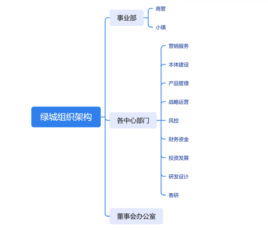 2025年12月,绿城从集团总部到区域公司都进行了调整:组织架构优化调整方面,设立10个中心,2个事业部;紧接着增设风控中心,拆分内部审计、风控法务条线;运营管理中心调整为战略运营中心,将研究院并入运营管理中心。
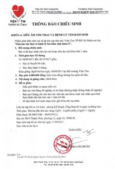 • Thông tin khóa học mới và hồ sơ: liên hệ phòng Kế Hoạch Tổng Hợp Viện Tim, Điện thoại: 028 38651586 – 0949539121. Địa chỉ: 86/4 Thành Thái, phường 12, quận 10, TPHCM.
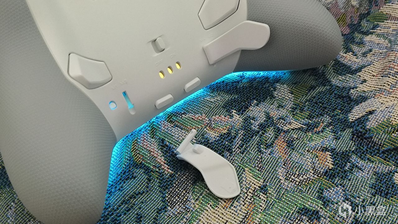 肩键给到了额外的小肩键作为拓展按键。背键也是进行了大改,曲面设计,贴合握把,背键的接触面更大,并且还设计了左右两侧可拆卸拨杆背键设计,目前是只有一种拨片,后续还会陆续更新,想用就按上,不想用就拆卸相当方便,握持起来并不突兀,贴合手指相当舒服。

--

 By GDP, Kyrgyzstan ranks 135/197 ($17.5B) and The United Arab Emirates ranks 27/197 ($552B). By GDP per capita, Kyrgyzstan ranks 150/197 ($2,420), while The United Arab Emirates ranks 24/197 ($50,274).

==

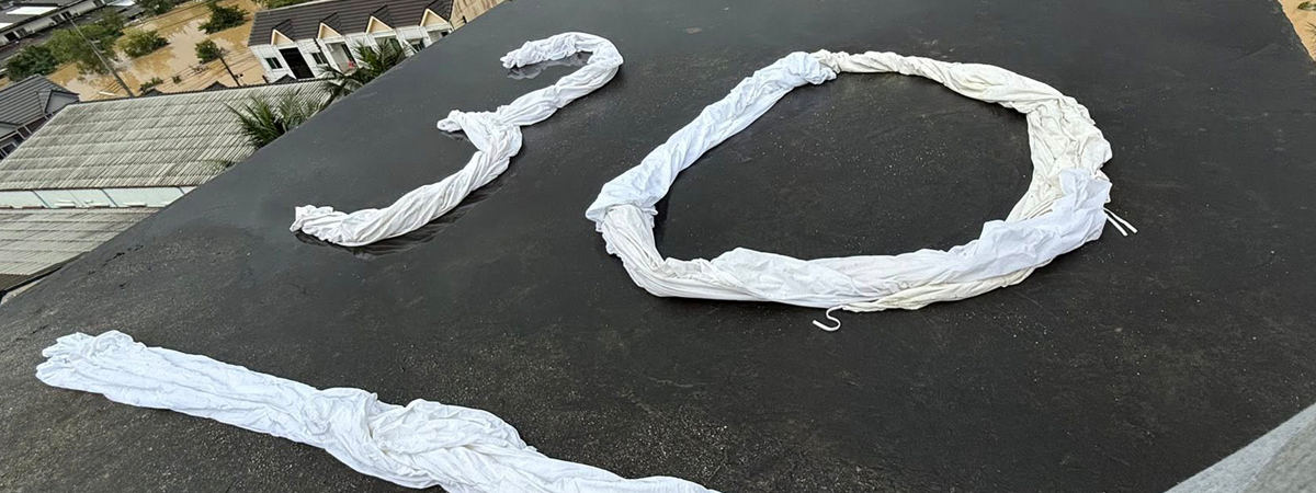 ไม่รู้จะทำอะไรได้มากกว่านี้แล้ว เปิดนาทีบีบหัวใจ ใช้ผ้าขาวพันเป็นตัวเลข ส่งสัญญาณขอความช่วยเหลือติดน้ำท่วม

Work instruction =>
Would you give again, exactly, the lines in the data above that run from the line containing "2025年12月,绿城从集团" to the line containing "quận 10, TPHCM."? Include both ends and no pictures.

Response to this task =>
 2025年12月,绿城从集团总部到区域公司都进行了调整:组织架构优化调整方面,设立10个中心,2个事业部;紧接着增设风控中心,拆分内部审计、风控法务条线;运营管理中心调整为战略运营中心,将研究院并入运营管理中心。
 • Thông tin khóa học mới và hồ sơ: liên hệ phòng Kế Hoạch Tổng Hợp Viện Tim, Điện thoại: 028 38651586 – 0949539121. Địa chỉ: 86/4 Thành Thái, phường 12, quận 10, TPHCM.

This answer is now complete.